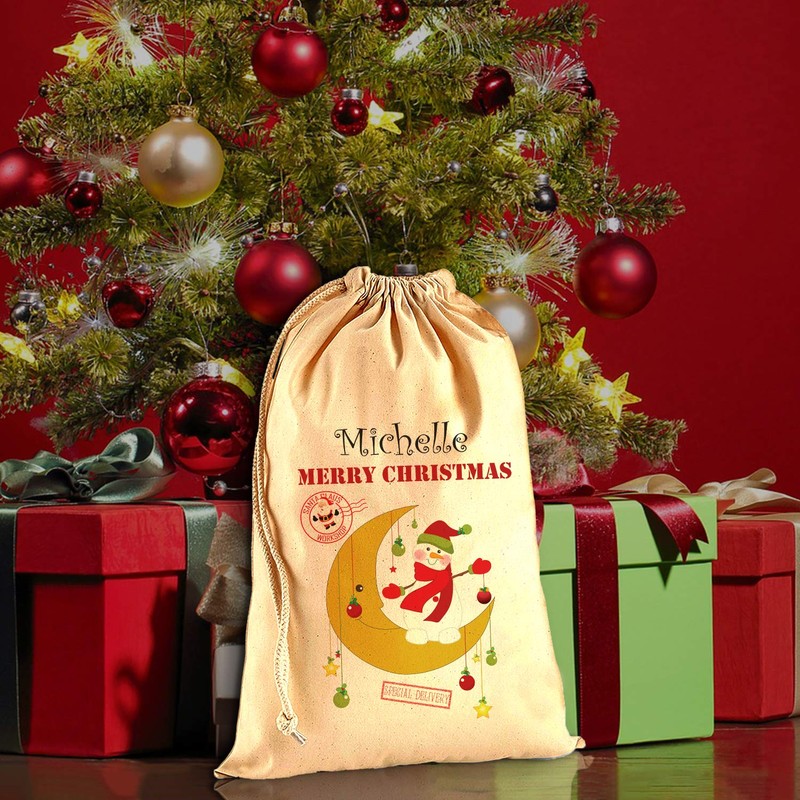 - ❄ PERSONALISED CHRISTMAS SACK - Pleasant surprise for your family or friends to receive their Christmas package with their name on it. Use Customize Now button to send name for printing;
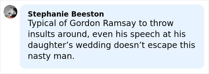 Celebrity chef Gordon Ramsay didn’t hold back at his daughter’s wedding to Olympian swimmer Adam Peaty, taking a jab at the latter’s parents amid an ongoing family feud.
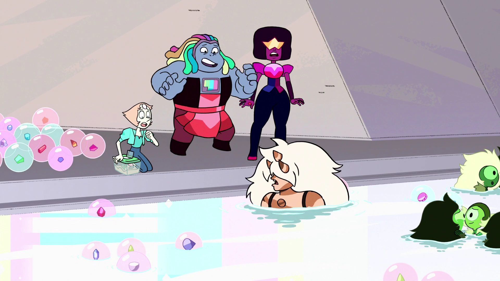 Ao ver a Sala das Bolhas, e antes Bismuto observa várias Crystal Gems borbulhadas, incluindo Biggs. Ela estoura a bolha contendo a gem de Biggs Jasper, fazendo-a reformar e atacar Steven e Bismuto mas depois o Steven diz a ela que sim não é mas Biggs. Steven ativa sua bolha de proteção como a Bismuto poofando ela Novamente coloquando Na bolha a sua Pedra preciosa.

■ **WHAT YOU SHOULD DO**:
Pictures are to be omitted; otherwise, write out the data exactly as it appears.

■ **ANSWER BELOW**:
 - ❄ PERSONALISED CHRISTMAS SACK - Pleasant surprise for your family or friends to receive their Christmas package with their name on it. Use Customize Now button to send name for printing;
 Celebrity chef Gordon Ramsay didn’t hold back at his daughter’s wedding to Olympian swimmer Adam Peaty, taking a jab at the latter’s parents amid an ongoing family feud.
 Ao ver a Sala das Bolhas, e antes Bismuto observa várias Crystal Gems borbulhadas, incluindo Biggs. Ela estoura a bolha contendo a gem de Biggs Jasper, fazendo-a reformar e atacar Steven e Bismuto mas depois o Steven diz a ela que sim não é mas Biggs. Steven ativa sua bolha de proteção como a Bismuto poofando ela Novamente coloquando Na bolha a sua Pedra preciosa.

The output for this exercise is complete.